Share

Bab 4

BUKAN SALAH IBU 4

"Kenapa aku tidak punya Ayah?"

"Siapa bilang? Bella punya kok. Tapi, Ayah sedang pergi."

"Kapan pulangnya?"

"Suatu saat nanti."

Pertanyaan itu sudah berpuluh kali kuucapkan hingga delapan belas tahun usiaku ini. Tapi, sekalipun, aku tak pernah mendapat jawaban yang memuaskan. Janji Ibu membuatku punya sebuah kegemaran, duduk di teras depan rumah seraya menatap ke ujung jalan, berharap sesosok tubuh lelaki tegap dan tampan datang dan memeluk serta menggendongku, lalu berkata : Ini ayah, Ayahmu sudah pulang.

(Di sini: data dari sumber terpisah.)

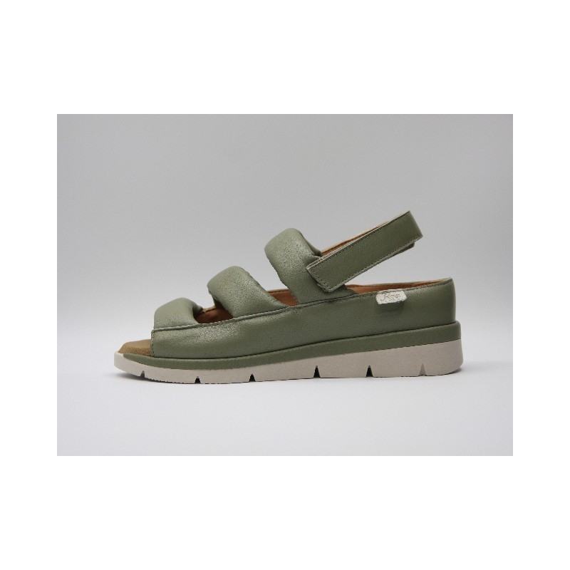 Sandalia de piel de color verde con velcro trasero ajustable, especial para plantillas extraíbles y cuña de 2 cm. En caso de no encontrar tu número ponte en contacto con nosotros.

"Bella, nggak capek kau duduk di situ? Bapakmu nggak akan pulang!" seru Wak Rusni, tetangga sebelah kanan rumah. Aku bergeming.

"Mau sampai kapanpun kau tunggu, dia nggak akan pulang, Bella." Nek Romlah tetangga sebelah kiri ikut bicara. Aku tetap tak peduli. Yang kupegang adalah kata-kata Ibu, bahwa suatu saat, dia akan kembali.

Hingga usiaku sembilan tahun, akhirnya aku mengerti bahwa Ibu hanya membohongiku. Aku berlari masuk ke dalam rumah setelah maghrib nyaris datang tapi sosok itu tak kunjung tiba. Sebelum Wak Rusni dan Nek Romlah datang dan mengulangi kalimat sama yang menyakitkan itu, aku menghambur ke hadapan Ibu.

"Ibu bohong! Katanya suatu saat nanti Ayah akan pulang!"

Suaraku adalah campuran rasa kecewa, putus asa, sedih dan marah. Tapi semua itu kemudian lenyap saat Ibu berbalik dan membalas tatapanku. Ada air mata, telah membentuk anak sungai di pipinya yang tirus. Ibu mungkin lelah karena setiap hari harus bekerja mencuci dan menggosok di rumah orang. Tapi, rasa lelah itu tak seberapa dibanding lelahnya menunggu seseorang yang tak kunjung pulang.

"Isabella, maukah kau mendengarkan Ibu sekali ini saja?"

Ibu menangkup kedua pipiku dengan tangannya yang gemetar. Air mataku ikut luruh. Aku menangis, karena sedih melihat air matanya.

Aku menganggukkan kepala.

"Tapi, Ibu jangan bohong lagi."

Ibu tersenyum sambil menyusut air mata, "Ibu tidak pernah berbohong, Bella."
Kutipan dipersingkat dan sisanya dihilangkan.